Ray’s physical disabilities give him relentless pain, the prospect of comfort realistically being merely “pain / that relents / from a knife-twist / to a dog gnawing / an old / bone” (‘What’s Left’). ‘Toward What’ records a good day in which he falls only once and “take[s] three / minutes to ascend six stairs”. Yet there are some days, “my body is so beautiful / I can’t believe I get to live here” (‘(Dis)ability’). It’s somewhere along this existential line, between the confines of a body in pain and the expansive, close to out of body experience, signalled by that Oklahoma image, that Ray’s poems really come into their own. He can celebrate an incarnated, ‘being in the world’, with both a sense of its pleasures and a sense of what it costs to remain here.

Such a celebration is ‘So Long as There is Light, There is Song’. The narrator and his dog, Addie, are in a field, the dog’s pleasurable ease in the world engendering similar feelings in the poet. There’s a Whitmanesque quality to the loafing in the grass, the blessing of ants, of the grass itself, the dawning sense of a life larger than any of the individuals present:

                        You could call it continuity.

You could call it the field itself. I like to call it what calls.
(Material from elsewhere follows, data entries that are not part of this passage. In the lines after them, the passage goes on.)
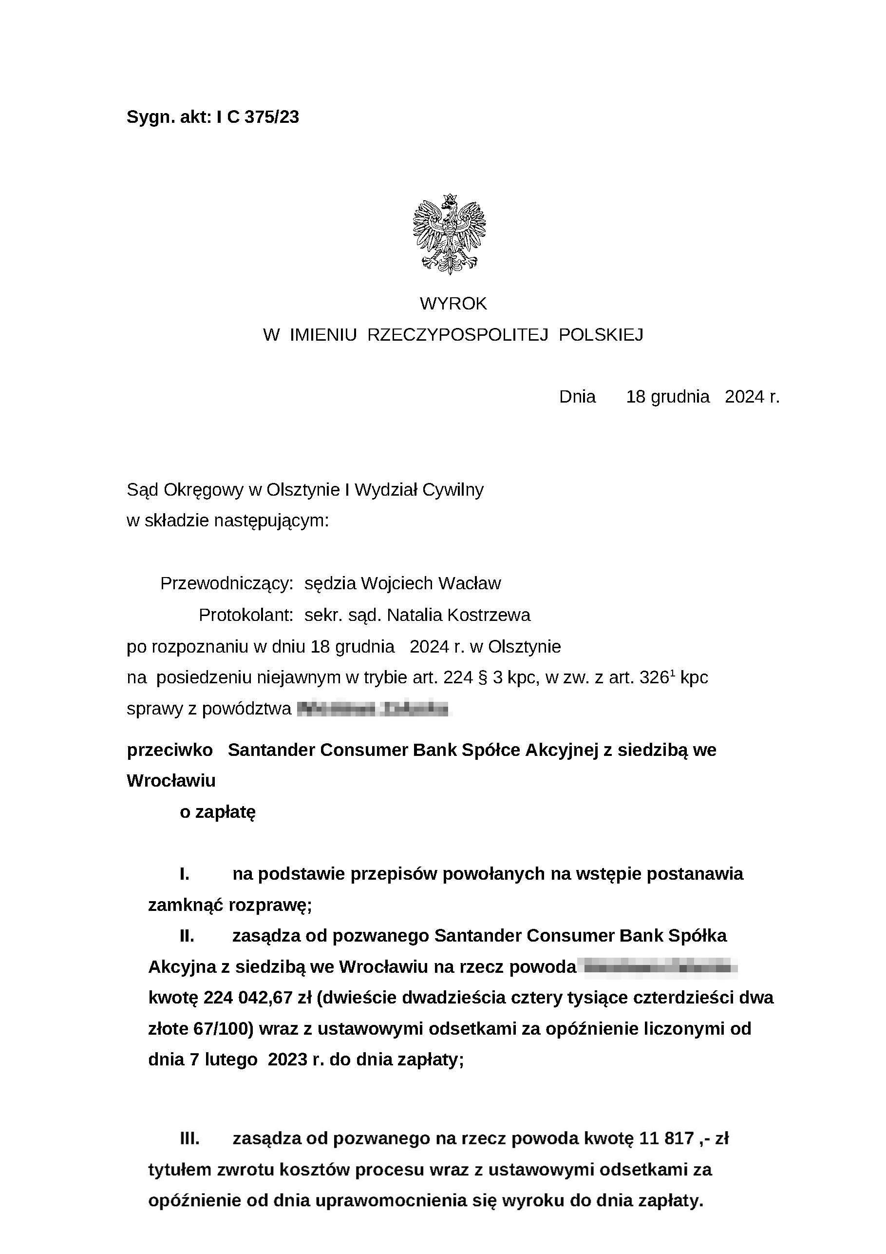Sąd Okręgowy w Olsztynie I Wydział Cywilny wyrokiem z dnia 18 grudnia 2024 r., po rozpoznaniu sprawy z powództwa naszego klienta przeciwko Santander Consumer Bank zasądził od pozwanego banku na rzecz Klienta Kancelarii kwotę 224 042,67 zł wraz z odsetkami ustawowymi za opóźnienie od dnia 7 lutego 2023 r. do dnia zapłaty. Sąd zasądził również 11.817,00 złotych tytułem zwrotu kosztów procesu. Sprawa dotyczyła spłaconego kredytu.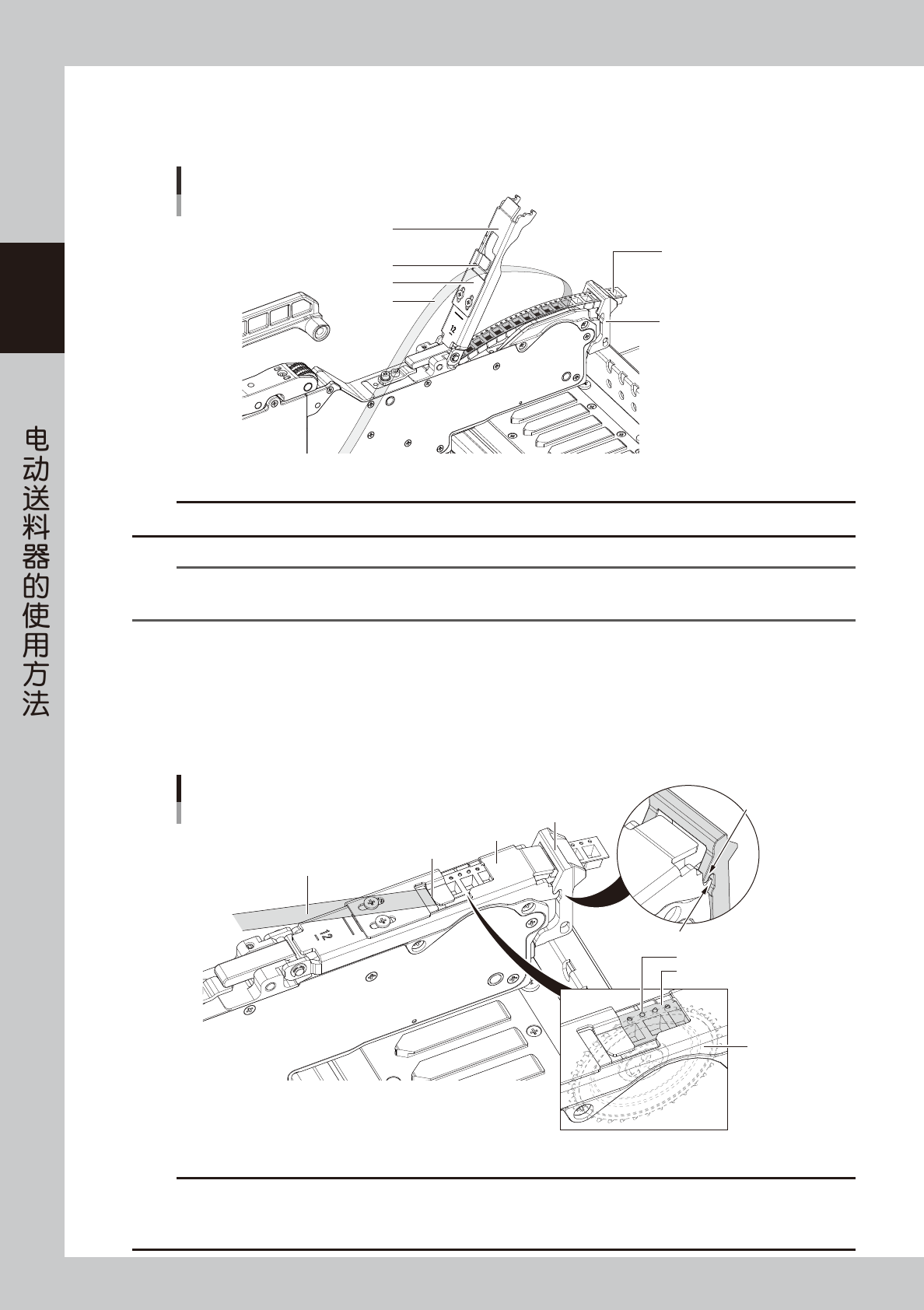 将盖带穿过压料盖切口部的方法有“预先剥离”和“前端剥离”两种方法。详细内容,请参照本章后述“3.1.1盖带的预先剥离与
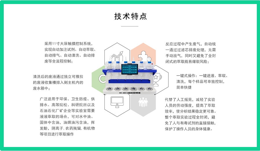 8.一键式操作:一键进液、萃取、清洗,每个样品可单独控制,简单快捷;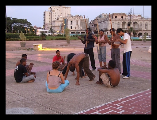 Wracając do hotelu przystanęliśmy na chwilę przy pomniku Maxima Gomeza by popatrzeć jak tańczą kapuerę. Jest to taniec, który polega na pokazywaniu “walki w tańcu”.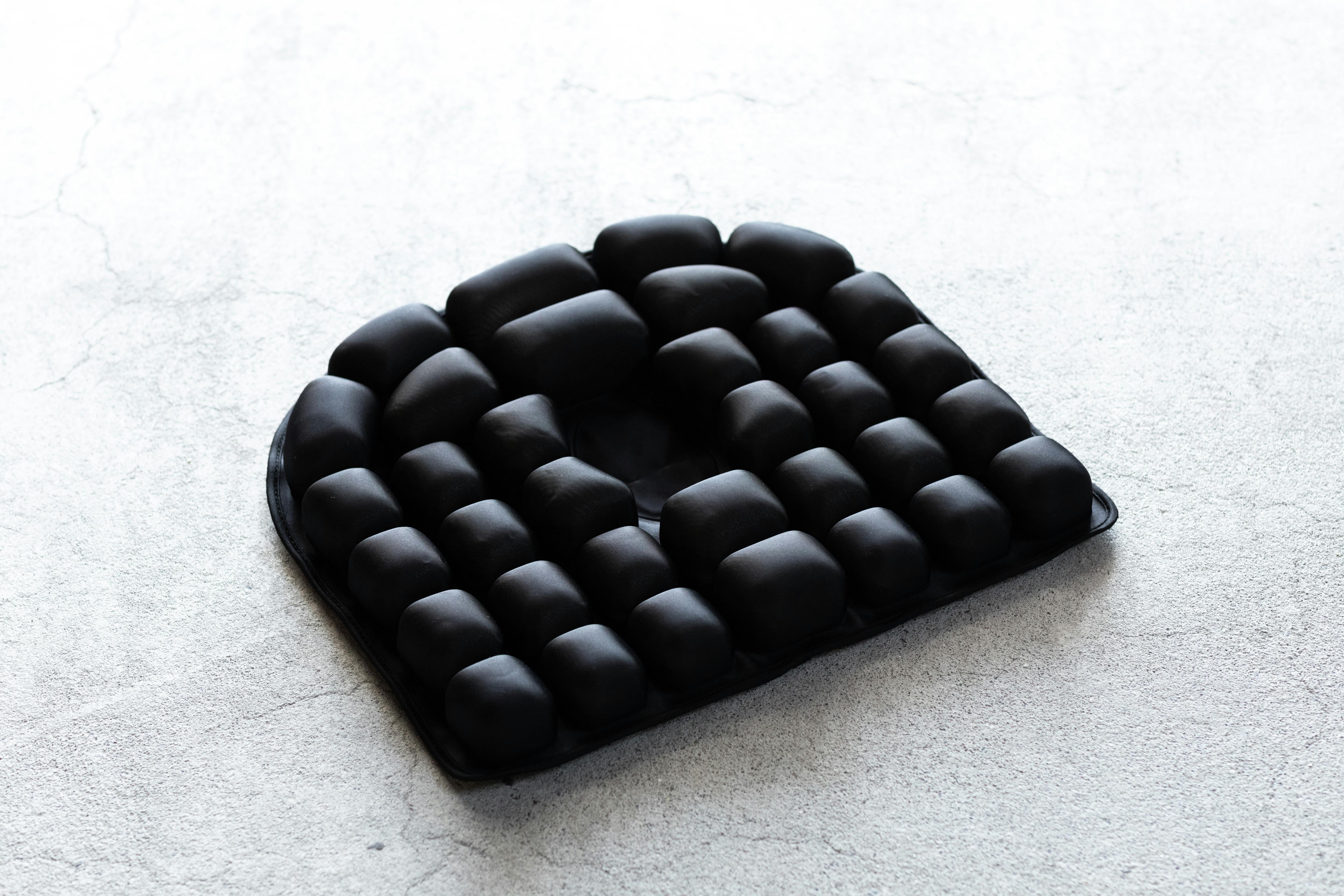 隣接するセルとセルは小さな管でつながっているため、座ったときに空気がクッション全体に循環し、それぞれのセルがからだにそった適切な形に移行します。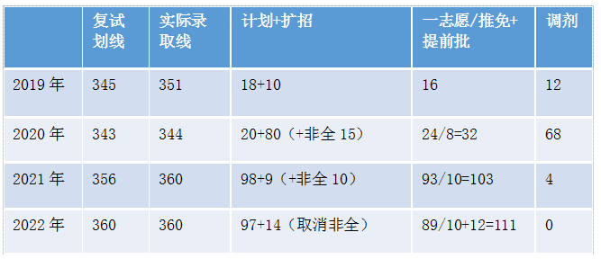 22年报考人数1000+具体未知,录取111人,报录比约10:1,复试比1.2:1,基本不刷高分,每年都在扩招,今年复试录取率99.9%。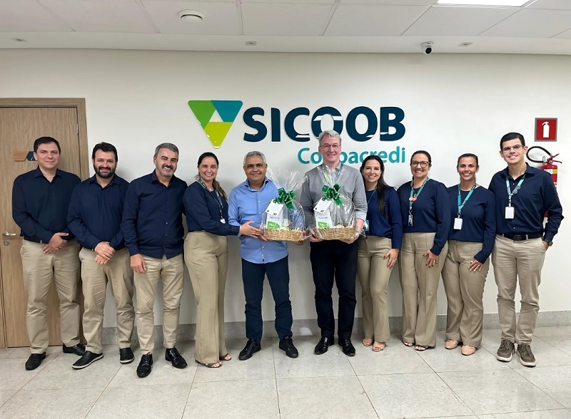 Os representantes foram recebidos na agência matriz, em Patrocínio/MG, pelo presidente do Sicoob Coopacredi, Celio Machado de Castro — que também é conselheiro de Administração da Crediminas —, juntamente com os diretores de Negócios, Givago Paiva, de Gestão de Riscos, Otávio Alves, e Administrativo, Simeão Honório.

And I like to live in her song.

For want of a better label, what is sensed is the Earth, “singing her duet with the sun”, the natural world for sure, but Ray’s language implies a close to sentient being, sensed in the co-habiting of the multitude of separate living things. In considering the ravaging of ‘My Favourite Sweater’ by moths, Ray shows how the human heart might respond to such a sense of “continuity”, in the generosity of his wishing “the moths no ill”:

[I] say to myself it’s all down to pattern, a shifting

pattern, a thread of wool raveling into a thread of moth,

the moth’s wings the stitchwork of the hand that knits us all,

the hand itself a stitch along a seam my mind unravels

It’s Whitman’s long lines and levelling up of all phenomena that comes to mind as the poem goes on to “thank until I run out of things to thank”. Even in the midst of natural danger – in this case a hurricane – the poet/narrator seems to revel in the ominous signals of the storm’s approach, promising to protect his dog. Like the Oklahoma image earlier, this poem (‘On Hurricanes’) ends in mid-flight, the storm raging, the individual consciousness being smashed and scattered, “like fusion, like retribution—/ bang bang bang”. Yet the final image of peril in the face of nature is also an image of becoming one with it, of realising a kind of incarnation: “the roar of it so loud / I can hear the lion’s mouth around my head”.

Ricky Ray

If ‘On Hurricanes’ reaches apocalyptic levels, the final poem in this chapbook is calmer, more meditative. ‘A Walk in the Woods’ opens with nature and Ray’s ever-present dog, Addie, being company enough for an individual who, for a variety of alienating reasons, has never felt humanity was “a species I was given to understand”. He identifies more with trees, “which may be a function of how poorly my legs work”. The presence of trees consoles, inspires, as Ray again approaches the trailing hem of the divine: “I see a mind at work. Whose, though?” The questioning is not pursued by the rational mind; rather the experiential pleasure – a drifting in an “amniotic ocean” – is allowed to be all. Instead, of an individual walking through a wood, the poem offers us a sensation not of “one walking” but rather of “one being walked”, a moment we might think of as disembodied from the physical world but is as much incarnated within it and is perhaps the most heightened state of environmental consciousness.